Meta announced a partnership with Microsoft to integrate productivity services such as Microsoft 365, Microsoft Teams, and Windows 365 with Meta Quest 2 and Pro, including allowing users to join Teams meetings via Horizon Workrooms, use Microsoft 365 applications, as well as support for management of Quest devices via Intune.

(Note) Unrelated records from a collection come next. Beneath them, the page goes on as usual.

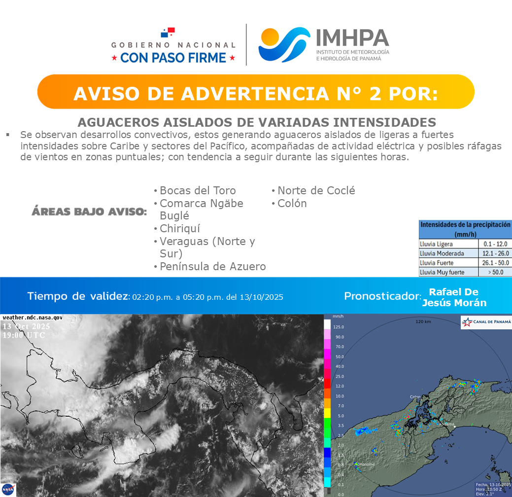 Por mandato de lo establecido en la Ley No. 209 del 22 de abril de 2021, se pone a disposición de los interesados la información contenida en este sitio, para su utilización por cualquier medio legal, pero su uso deberá citar la fuente: INSTITUTO DE METEOROLOGÍA E HIDROLOGÍA DE PANAMÁ, (IMHPA). El instituto, no se hace responsable de ningún error, omisión, interpretación, pérdidas o daños que resulten de la utilización de la información o material contenidos en este sitio, por parte de usuarios, visitantes o terceras personas y su uso indebido y sin confirmar, estará sujeto a sanciones penales (Artículos 289, 290 y 291 del Código Penal) y/o administrativas. Además, en algunos casos que les sea aplicable, dicha información puede ser actualizada por el IMHPA, para corregir errores o imprecisiones
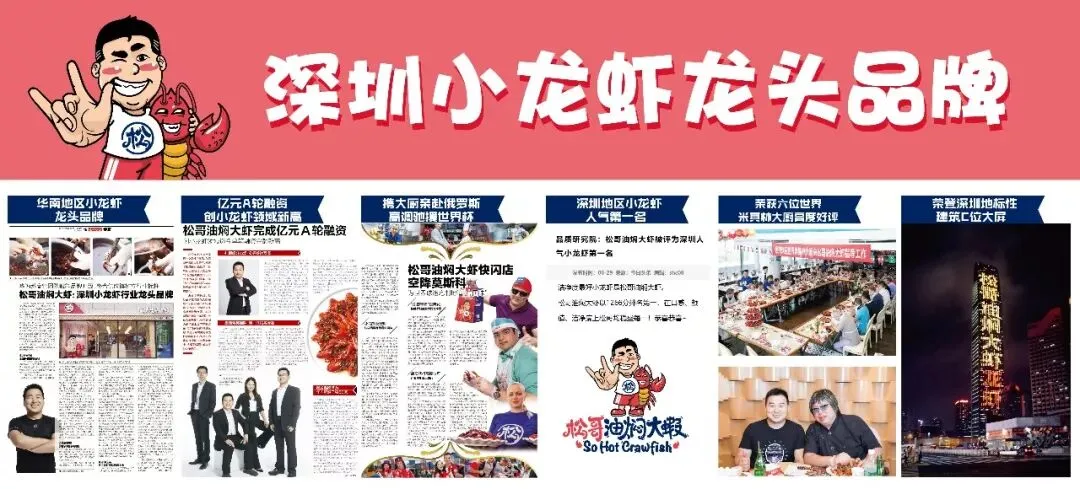 夏天如果没有小龙虾作伴,势必是不完美的。在深圳,家喻户晓的小龙虾大佬非松哥油焖大虾莫属,直接登顶深圳消费者测评第一。不仅荣获2019“李锦记”世界厨王争霸赛金奖,还完成了1.2亿元的A轮融资。更是火到在俄罗斯开了小龙虾界第一家国际快闪店,获得世界米其林大厨梁经伦的认可,这样的松哥油焖大虾,不吃都不行。
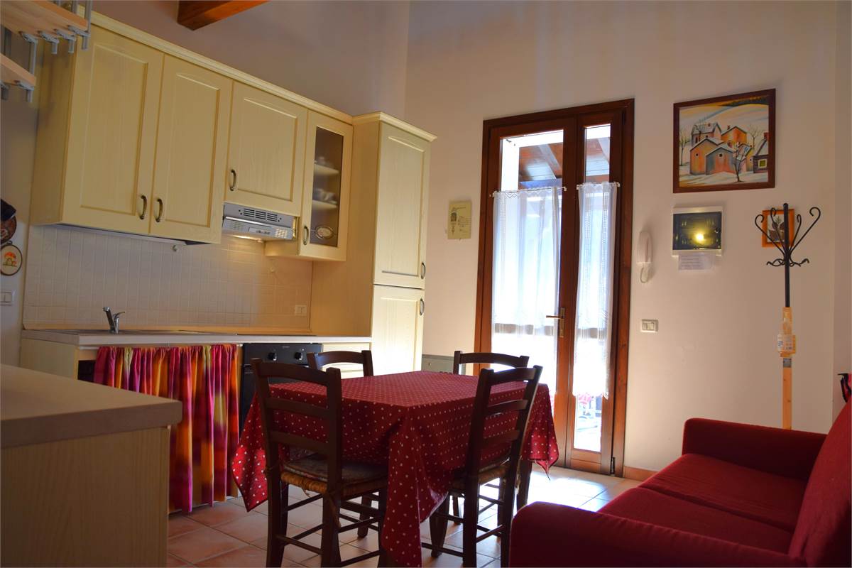 Il riscaldamento è a radiatori con termovalvole nuove ed è centralizzato (caldaia a condensazione). Presente canna fumaria nella zona giorno per eventuale installazione di stufa o camino (da richiedere maggiori info, trattandosi di condominio). Acqua calda autonoma con boiler elettrico nel bagno. Gli infissi esterni sono in legno doppio vetro con persiane in legno. Vetri termoacustici. Pavimento in cotto, in ceramica e in legno. Pareti coibentate. L'unità abitativa è libera, disponibile da subito e viene venduta arredata come da fotografie. Presenti divano letto, piano cottura ad induzione e lavatrice.

In December 2023, Valve Corporation released Steam Link for Meta Quest 2, Quest Pro, and Quest 3, with OSC support for facial and eye tracking on Quest Pro.

== Reception ==
The Quest Pro received mixed reviews. Ars Technica noted that its design felt less "claustrophobic" and "much more secure and better balanced than previous Quest headsets, especially during extended use", but noting that its narrow field of view was more apparent when using the headset without its light blinder accessories. Its display and lenses were described as being slightly sharper and having more legible text rendering than the Quest 2, making it better-suited for office tasks and using a remote desktop environment in Workrooms. The MR cameras were panned for being grainy and "fuzzy"-looking, while many of the MR features in apps at launch were deemed to be "novelties". It was also criticized for requiring manual room setup, rather than automatically mapping walls. In conclusion, it was felt that "at its current asking price, though, we can only recommend the Quest Pro to mid-level executives who have convinced their superiors to allocate a ridiculous, money-is-no-object budget to ill-defined metaverse projects out of nothing more than a deep sense of FOMO."

Adi Robertson of The Verge described the device as "seemingly launched without plan or purpose, highlighting VR’s persistent drawbacks without making good use of its strengths — and topped off with some irredeemably bad software". The new controllers were praised for being more compact than the previous Oculus Touch design and offering a charging dock with rechargeable batteries (albeit having less battery life than the previous controllers, which used standard AA batteries). The Quest Pro was criticized for having a "uniquely tortuous" strap system that felt worse when using the headset for extended sessions (in comparison to the Quest 2 with its Elite Strap accessory), a "grainy"-looking display and "fuzzy" passthrough visuals that "doesn't look remotely like the real world", and "limited and idiosyncratic" face tracking. The Workrooms app was also criticized for being unreliable, especially for software that was promoted as being one of the key selling points of the Quest Pro. Robertson gave the Quest Pro a 2 out of 5, arguing that it "[offers] technically innovative features without doing a good job of showcasing them", and suggesting that mainstream users wait for an eventual Quest 3 that may incorporate hardware improvements from the Pro at a lower price point.

=== Sales ===
In March 2023, Meta lowered the price of Quest Pro to US$1,000, amid reports of "underwhelming" sales.

On July 19, 2023, The Information reported that Meta was in the process of discontinuing production of the Quest Pro, and had scrapped plans for a successor model. Meta officially discontinued the Quest Pro in September 2024 alongside the unveiling of the Meta Quest 3S, with sales officially discontinued in January 2025, and Meta steering customers towards the Meta Quest 3.